Spigot generates page content and links using Python's random number generator. To make it deterministic (i.e. the same URL will always give the same page), it seeds the random number generator just before creating the content, with the seed being a 64 bit hash of the page URL.
Effectively, this means that Spigot's entire "page space" is around 1.8E19 pages. In terms of trapping crawlers, that's near enough infinite - at a million requests per second, it would take over half a million years to exhaust all possible pages.
My problem, right now, is that the crawlers have made around 1.2 billion requests to Spigot, which means their (aggregate) index probably holds around 30 billion Spigot URLs, most of which are going to be in a backlog for later scanning (hurrah). I can't get away from that, and I guess I'll need to live with it until the AI bubble bursts.

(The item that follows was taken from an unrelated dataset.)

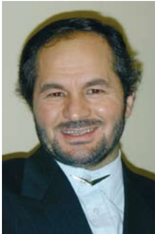
Bekir Alboga Islamwissenschaftler und Leiter des Koordinierungsrates der Muslime in Deutschland

I don't really want to get rid of Spigot completely - if for no other reason than I've enjoyed tinkering with it.
And it's struck me that I could have a tunable "site size" value. When the random number generator gets seeded, rather than using the 64 bit number it uses that number modulo the "site size" value. So, if the site size was only 100, we'd only seed the RNG with one of 100 values, which would mean that only one of 100 possible pages would ever be created. I'd need to restructure things a bit, so that internal links remained internal (i.e. when generating internal links, it would need to generate them by choosing a random number, taking that number modulo the site size value and running the page generator seeded with the result to generate page title and URL). That's fiddly, but not a major problem.
It's a reasonable assumption that crawlers don't go round and round and round hitting the exact same URL thousands of times per day, so a spigot with (say) a million possible pages could be useful in poisoning models without exposing me to ongoing load.
Food for thought. Talking of food: time for breakfast!